> AVAILABLE DATA:
********

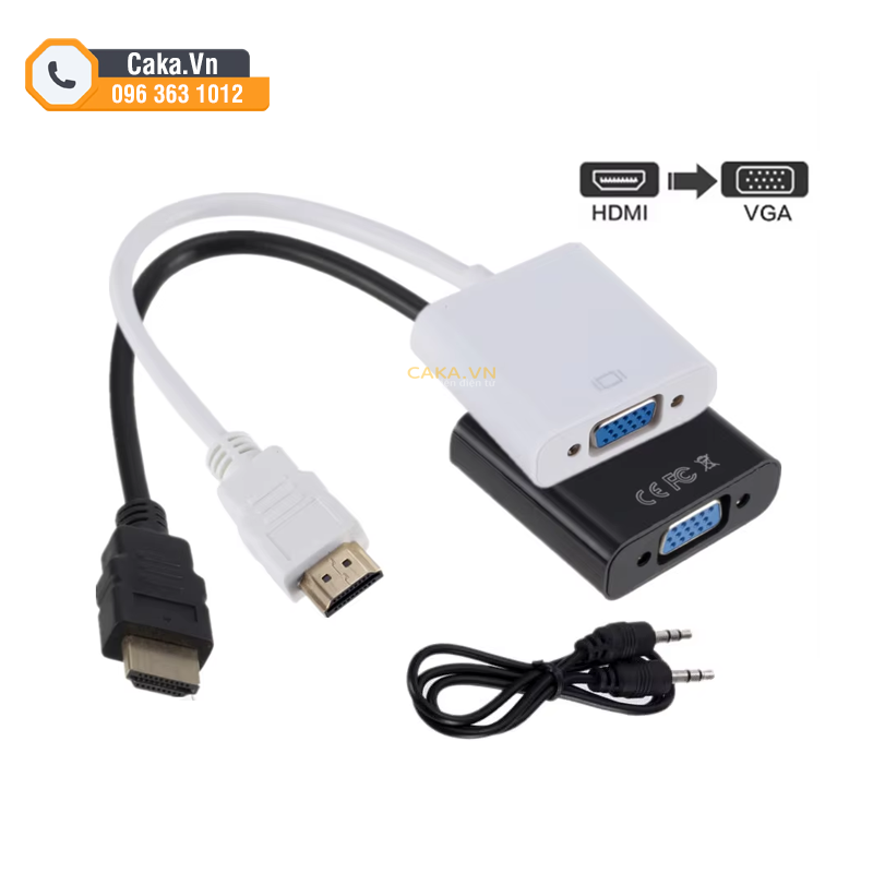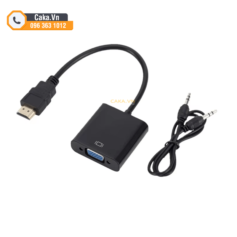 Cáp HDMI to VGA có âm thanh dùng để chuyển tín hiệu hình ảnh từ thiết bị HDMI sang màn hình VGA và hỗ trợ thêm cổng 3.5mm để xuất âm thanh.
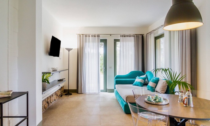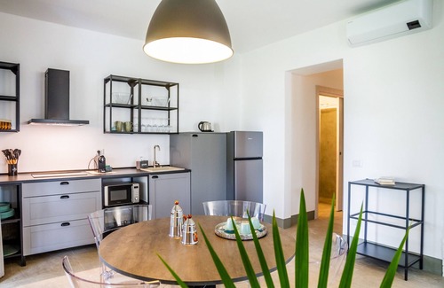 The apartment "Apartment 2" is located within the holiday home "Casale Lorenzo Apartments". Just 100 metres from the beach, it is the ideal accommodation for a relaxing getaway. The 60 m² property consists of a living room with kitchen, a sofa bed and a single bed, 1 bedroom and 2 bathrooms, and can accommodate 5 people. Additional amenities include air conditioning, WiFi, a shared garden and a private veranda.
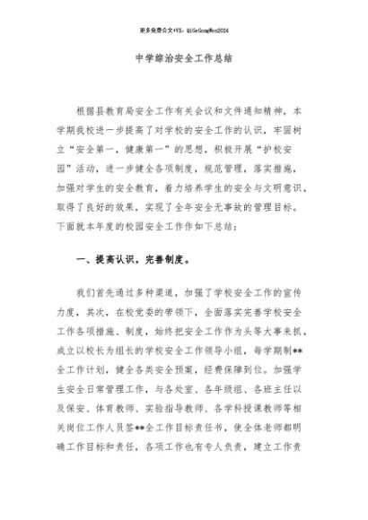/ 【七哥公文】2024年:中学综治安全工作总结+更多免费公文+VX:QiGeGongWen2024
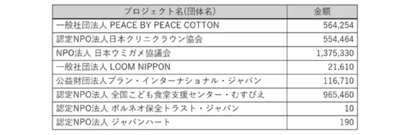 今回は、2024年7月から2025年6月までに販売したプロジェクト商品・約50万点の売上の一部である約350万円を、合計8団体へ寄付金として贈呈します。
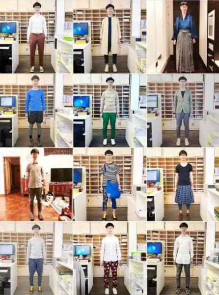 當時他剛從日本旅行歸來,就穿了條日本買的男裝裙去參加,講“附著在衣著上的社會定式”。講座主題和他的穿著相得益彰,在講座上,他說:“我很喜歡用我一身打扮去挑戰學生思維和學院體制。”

********

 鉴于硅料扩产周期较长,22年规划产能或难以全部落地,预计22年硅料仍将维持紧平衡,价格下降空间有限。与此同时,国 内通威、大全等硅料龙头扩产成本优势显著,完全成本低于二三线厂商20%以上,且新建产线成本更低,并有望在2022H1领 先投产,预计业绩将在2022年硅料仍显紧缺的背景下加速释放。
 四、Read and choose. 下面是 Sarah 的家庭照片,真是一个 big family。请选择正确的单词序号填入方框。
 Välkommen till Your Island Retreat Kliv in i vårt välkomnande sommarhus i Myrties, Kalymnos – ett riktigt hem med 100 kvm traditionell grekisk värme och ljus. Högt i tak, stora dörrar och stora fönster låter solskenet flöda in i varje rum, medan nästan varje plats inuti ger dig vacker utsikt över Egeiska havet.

********

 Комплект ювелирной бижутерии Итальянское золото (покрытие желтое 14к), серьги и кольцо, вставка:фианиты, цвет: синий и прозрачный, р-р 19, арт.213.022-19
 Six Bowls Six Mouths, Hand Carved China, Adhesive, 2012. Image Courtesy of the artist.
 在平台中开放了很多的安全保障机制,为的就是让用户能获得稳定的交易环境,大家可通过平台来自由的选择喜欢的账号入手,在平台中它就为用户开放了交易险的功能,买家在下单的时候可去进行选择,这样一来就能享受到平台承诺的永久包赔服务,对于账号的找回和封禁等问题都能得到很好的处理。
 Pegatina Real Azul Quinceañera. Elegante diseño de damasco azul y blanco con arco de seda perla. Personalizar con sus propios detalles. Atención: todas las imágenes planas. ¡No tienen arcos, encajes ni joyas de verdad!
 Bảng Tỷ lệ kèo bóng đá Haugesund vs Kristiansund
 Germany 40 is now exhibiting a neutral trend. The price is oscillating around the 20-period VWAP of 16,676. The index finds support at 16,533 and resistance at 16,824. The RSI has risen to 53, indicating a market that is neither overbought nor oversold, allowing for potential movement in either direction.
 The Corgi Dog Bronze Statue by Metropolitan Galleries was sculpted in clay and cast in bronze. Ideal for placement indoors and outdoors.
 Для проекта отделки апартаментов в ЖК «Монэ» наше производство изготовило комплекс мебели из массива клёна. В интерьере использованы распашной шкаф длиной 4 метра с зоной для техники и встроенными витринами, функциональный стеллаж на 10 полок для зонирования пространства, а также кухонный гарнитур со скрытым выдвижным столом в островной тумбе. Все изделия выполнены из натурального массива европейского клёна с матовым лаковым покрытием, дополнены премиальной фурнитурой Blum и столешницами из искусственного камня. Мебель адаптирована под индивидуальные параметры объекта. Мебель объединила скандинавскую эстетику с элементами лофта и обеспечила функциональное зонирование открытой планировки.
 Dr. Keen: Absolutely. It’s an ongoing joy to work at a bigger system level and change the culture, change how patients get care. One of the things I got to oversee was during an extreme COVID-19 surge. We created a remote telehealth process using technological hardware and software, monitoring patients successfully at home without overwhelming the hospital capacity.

********

> EXERCISE PROMPT:
Take the line above containing "Germany 40 is", the line containing "Для проекта отделки", and all lines in between, and copy them exactly without anything else.

> RESPONSE AREA:
 Germany 40 is now exhibiting a neutral trend. The price is oscillating around the 20-period VWAP of 16,676. The index finds support at 16,533 and resistance at 16,824. The RSI has risen to 53, indicating a market that is neither overbought nor oversold, allowing for potential movement in either direction.
 The Corgi Dog Bronze Statue by Metropolitan Galleries was sculpted in clay and cast in bronze. Ideal for placement indoors and outdoors.
 Для проекта отделки апартаментов в ЖК «Монэ» наше производство изготовило комплекс мебели из массива клёна. В интерьере использованы распашной шкаф длиной 4 метра с зоной для техники и встроенными витринами, функциональный стеллаж на 10 полок для зонирования пространства, а также кухонный гарнитур со скрытым выдвижным столом в островной тумбе. Все изделия выполнены из натурального массива европейского клёна с матовым лаковым покрытием, дополнены премиальной фурнитурой Blum и столешницами из искусственного камня. Мебель адаптирована под индивидуальные параметры объекта. Мебель объединила скандинавскую эстетику с элементами лофта и обеспечила функциональное зонирование открытой планировки.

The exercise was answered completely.